Finally, comparing the pairwise RMSD distributions of the CDR3α and CDR3β loops reveals that the CDR3α loop (Fig. 1d) is as inherently structurally diverse as the CDR3β loop (Fig. 1e, SI Fig. 8). We confirmed this finding by clustering each of the CDR3 loop types by RMSD (SI Table 2). Surprisingly, despite their simpler genetic composition CDR3α loops do not cluster into fewer structural clusters than CDR3β loops; by contrast, the CDR3L loops of antibodies cluster into far fewer shapes than their CDR3H counterparts^53,54,55,56. This disparity between TCR and antibody structures hints that the structures adopted by CDR3α loops may be more complex than suggested by their genetic recombination mechanism alone.

Benchmarking state-of-the-art TCR structure prediction models

We retrained TCRBuilder2 on our supplemented dataset to generate a new model (‘TCRBuilder2+’), capturing the current performance ceiling of a TCR-specific deep learning model for high-throughput structure prediction. While the original TCRBuilder2 model followed from ABodyBuilder2³⁶ and selected the ensemble of trained models based on only the beta chain validation set accuracy, in this work we adapted the ensemble selection process to include the accuracy over both chains. This adaptation better reflects TCR biology by accounting for the high structural diversity we observed in the alpha chain.

We benchmarked TCRBuilder2+ against the original TCRBuilder2³⁶, TCR-specific homology modellers (LYRA³⁴, and TCRmodel³³), an antibody-specific deep learning model (ABodyBuilder2³⁶), and the state-of-the-art general protein structure predictor Alphafold (Alphafold-Multimer⁵⁷ and Alphafold3⁵⁸). We report the mean RMSD and the RMSD distribution of the 45 test set structures predicted by different models in Table 1 and Fig. 2a, respectively.
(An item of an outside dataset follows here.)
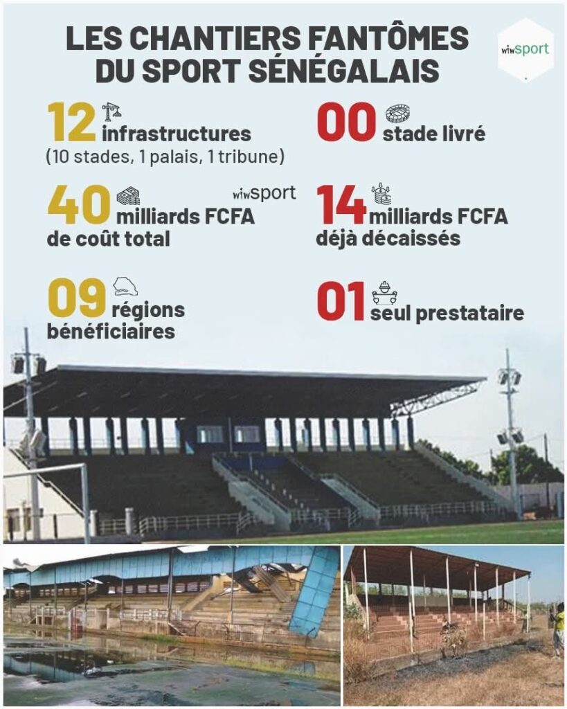 Un rapport de wiwsport révèle une situation préoccupante dans le secteur des infrastructures sportives au Sénégal. Sur 12 chantiers lancés — dont 10 stades, 1 palais des sports et 1 tribune — aucun n’a encore été livré, malgré le décaissement de 14 milliards FCFA sur un coût total estimé à 40 milliards FCFA.

Table 1 Mean RMSD of TCR structure predictions by different prediction models evaluated on the test set

Full size table

**Fig. 2: Evaluation of TCR structure prediction models on our test set (SI Table 1).**

As expected, predicting TCR structures with ABodyBuilder2 yields low accuracy predictions across all TCR regions despite the global similarities between TCRs and antibodies, confirming that structure prediction models trained on protein family subsets learn to make accurate predictions within the distribution of the data they are trained with, rather than generalising beyond it⁵⁹. The homology model LYRA³⁴ only produces predictions for sequences for which a suitable template is found, and so we are only able to benchmark 38 of the 45 test structures. We provide a comparison for those 38 predictions only in SI Figure 9. Overall, homology modelling with LYRA and TCRmodel³³ performs competitively for the framework regions (FW) and the germline encoded CDR2α, CDR1β and CDR2β, but struggles with the CDR3α, CDR3β, and CDR1α loops (Table 1, Fig. 2a).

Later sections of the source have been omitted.